The item also proposes bringing to broadcasting some processes already used for foreign ownership situations involving common carriers. The FCC doesn’t currently have a standardized process for broadcasters asking to go over the 25 percent foreign ownership line, and the NPRM proposes creating one similar to the foreign ownership processes used for common carriers, the release said. The concepts in the NPRM will provide better transparency and reliability for broadcasters going through the foreign ownership process, said Commissioner Mignon Clyburn. “Extending the streamlined foreign ownership rules already used for common carrier licensees to broadcast licensees, as we propose, would certainly multiply potential funding options available to broadcasters,” said Commissioner Mike O’Rielly. Chairman Tom Wheeler and Pai credited O'Reilly with bringing attention to the foreign ownership issue.

The NPRM also seeks comment on changing the way the FCC assesses foreign ownership, to prevent a repeat of what Pai referred to an "absurd" incident during Pandora’s buy of KXMZ(FM) Box Elder, South Dakota.
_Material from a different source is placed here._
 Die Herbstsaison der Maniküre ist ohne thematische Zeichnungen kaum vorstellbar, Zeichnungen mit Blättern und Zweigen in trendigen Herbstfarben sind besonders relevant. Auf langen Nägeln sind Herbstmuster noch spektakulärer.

During that purchase, the FCC’s own rules forced it to treat some of Pandora's investors -- who were using "street names" to protect their anonymity under SEC policies -- as foreign. “Foreign interests almost certainly did not own more than 25 percent of Pandora,” Pai said. “But the commission couldn’t acknowledge that fact. Why? Because of our outdated methodology for measuring foreign ownership.”

The NPRM is an “incremental” step that doesn’t go far enough, O’Rielly said. “Nothing here would address the opaque and often very lengthy Team Telecom review process for foreign ownership, which in too many instances has devolved into a black hole of uncertainty.” The administration is reviewing the Team Telecom process, Wheeler said at a news conference after the meeting. Wheeler said he is hopeful the issue will soon be addressed, and O’Rielly said he's looking forward to that process.

The foreign ownership process has worked well for common carriers and should work just as well for broadcasters, said Covington Burling attorney Mace Rosenstein in an interview. He represented a coalition of broadcasters and programmers that in 2012 asked the commission to relax barriers to foreign ownership for broadcasters. Proposals to relax those rules have yet to face any opposition from industry or at the commission, Rosenstein said.

"Establishing a standardized process for broadcasters, just as the FCC does for other segments of the telecommunications industry, may more easily attract foreign investors,” said House Communications Subcommittee ranking member Anna Eshoo, D-Calif. “Consideration of this issue makes common sense, and is consistent with the Communications Act's core principles of promoting diversity, localism and competition." Relaxing foreign ownership regulations “will spur new investment in broadcasting leading to job creation, increased production of locally oriented programming, and greater public service to communities,” said an NAB spokesman.